Among the entries below, find the line with "Bebeğin görme, dokunma", then quote it and each following line up to and including the line with "We have a great", and nothing else.

PROVIDED DATA:
== Segment start ==

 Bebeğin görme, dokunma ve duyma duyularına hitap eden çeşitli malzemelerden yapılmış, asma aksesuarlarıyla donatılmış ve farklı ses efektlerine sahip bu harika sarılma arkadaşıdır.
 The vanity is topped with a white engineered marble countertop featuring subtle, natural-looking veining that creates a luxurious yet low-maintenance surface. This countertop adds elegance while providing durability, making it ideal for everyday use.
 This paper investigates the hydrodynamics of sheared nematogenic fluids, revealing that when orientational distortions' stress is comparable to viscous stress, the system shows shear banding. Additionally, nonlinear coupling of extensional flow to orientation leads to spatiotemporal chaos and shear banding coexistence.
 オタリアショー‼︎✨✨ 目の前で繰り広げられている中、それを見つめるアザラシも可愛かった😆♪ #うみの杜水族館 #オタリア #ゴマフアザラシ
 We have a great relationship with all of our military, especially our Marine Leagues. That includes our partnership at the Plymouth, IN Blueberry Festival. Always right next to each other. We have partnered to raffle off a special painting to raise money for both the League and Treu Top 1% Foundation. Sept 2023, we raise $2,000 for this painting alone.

== Segment end ==
== Segment start ==

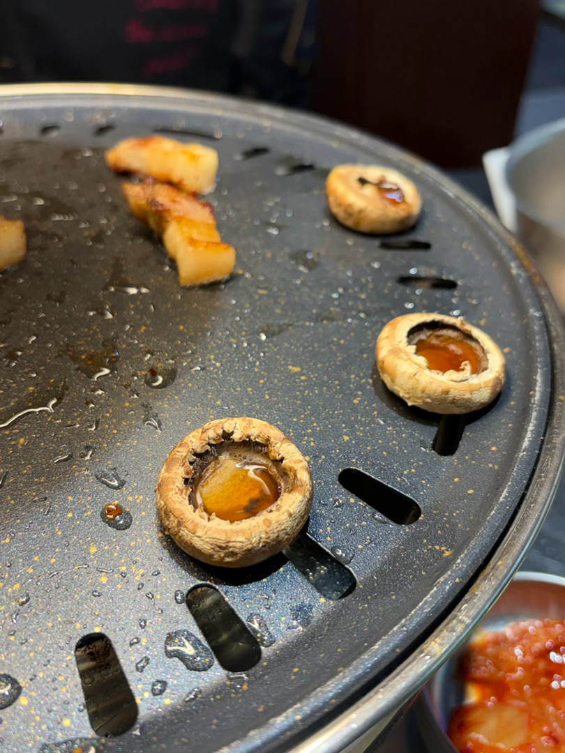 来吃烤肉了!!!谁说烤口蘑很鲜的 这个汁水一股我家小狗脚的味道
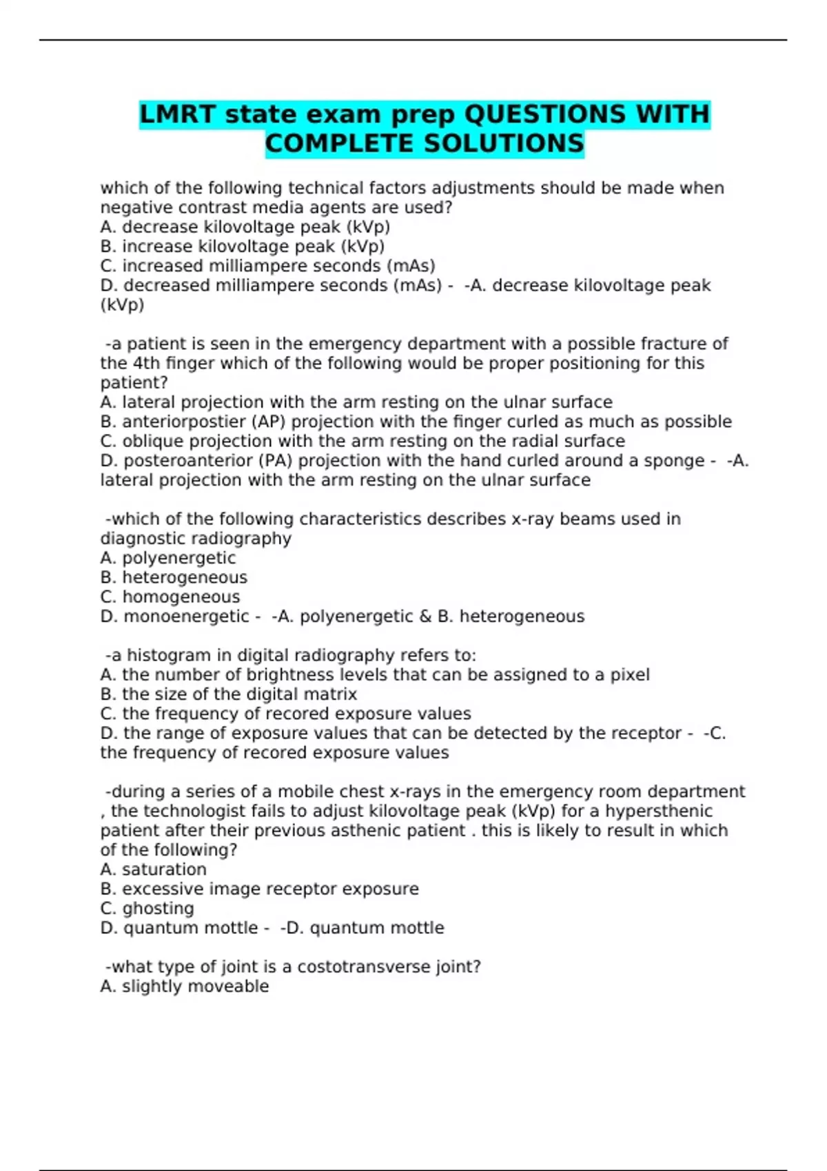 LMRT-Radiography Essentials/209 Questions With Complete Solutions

== Segment end ==
== Segment start ==

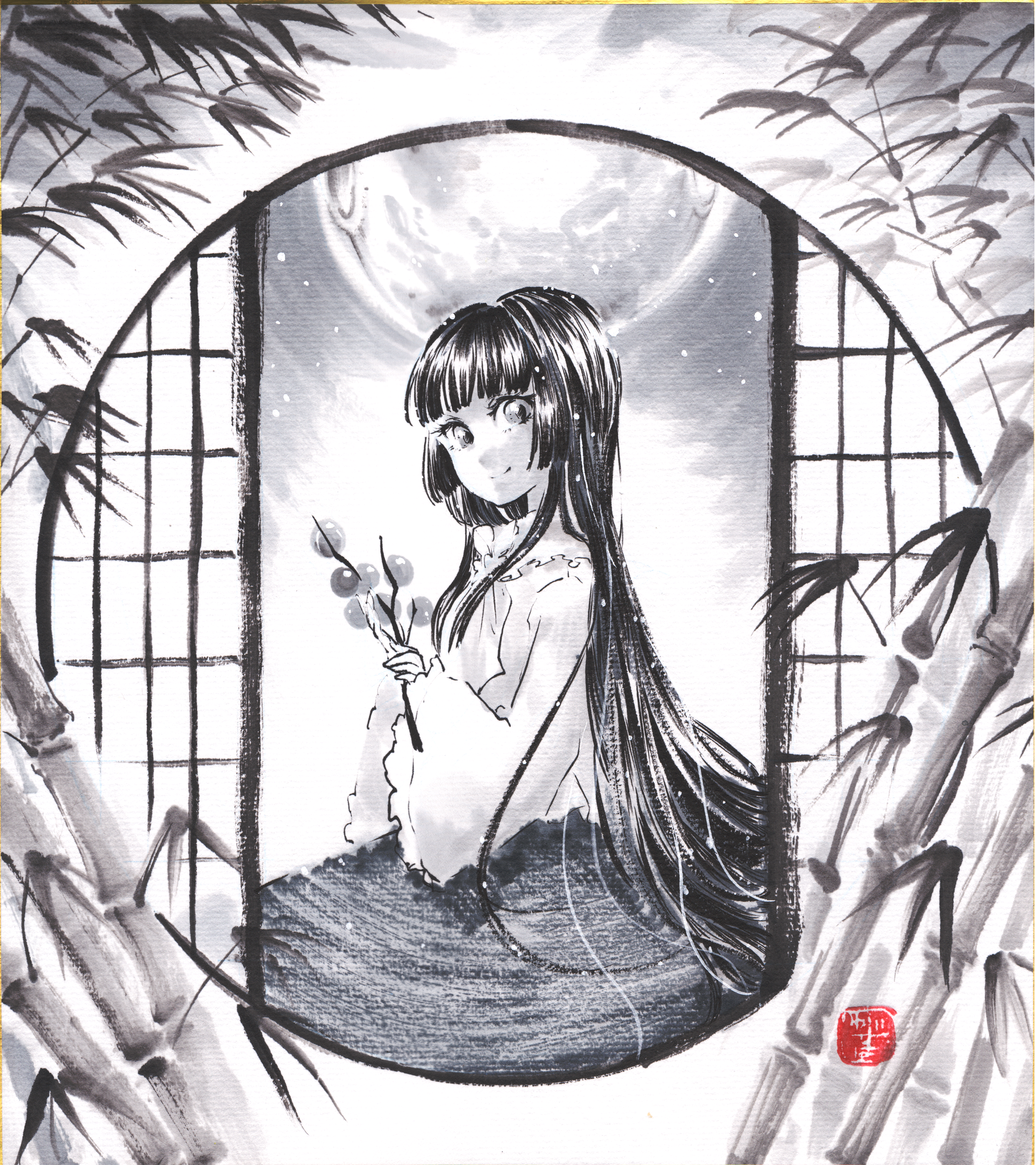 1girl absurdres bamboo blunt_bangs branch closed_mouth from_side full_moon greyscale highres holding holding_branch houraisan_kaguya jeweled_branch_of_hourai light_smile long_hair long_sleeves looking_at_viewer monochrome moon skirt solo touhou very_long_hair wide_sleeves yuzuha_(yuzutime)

== Segment end ==

EXERCISE ANSWER:
 Bebeğin görme, dokunma ve duyma duyularına hitap eden çeşitli malzemelerden yapılmış, asma aksesuarlarıyla donatılmış ve farklı ses efektlerine sahip bu harika sarılma arkadaşıdır.
 The vanity is topped with a white engineered marble countertop featuring subtle, natural-looking veining that creates a luxurious yet low-maintenance surface. This countertop adds elegance while providing durability, making it ideal for everyday use.
 This paper investigates the hydrodynamics of sheared nematogenic fluids, revealing that when orientational distortions' stress is comparable to viscous stress, the system shows shear banding. Additionally, nonlinear coupling of extensional flow to orientation leads to spatiotemporal chaos and shear banding coexistence.
 オタリアショー‼︎✨✨ 目の前で繰り広げられている中、それを見つめるアザラシも可愛かった😆♪ #うみの杜水族館 #オタリア #ゴマフアザラシ
 We have a great relationship with all of our military, especially our Marine Leagues. That includes our partnership at the Plymouth, IN Blueberry Festival. Always right next to each other. We have partnered to raffle off a special painting to raise money for both the League and Treu Top 1% Foundation. Sept 2023, we raise $2,000 for this painting alone.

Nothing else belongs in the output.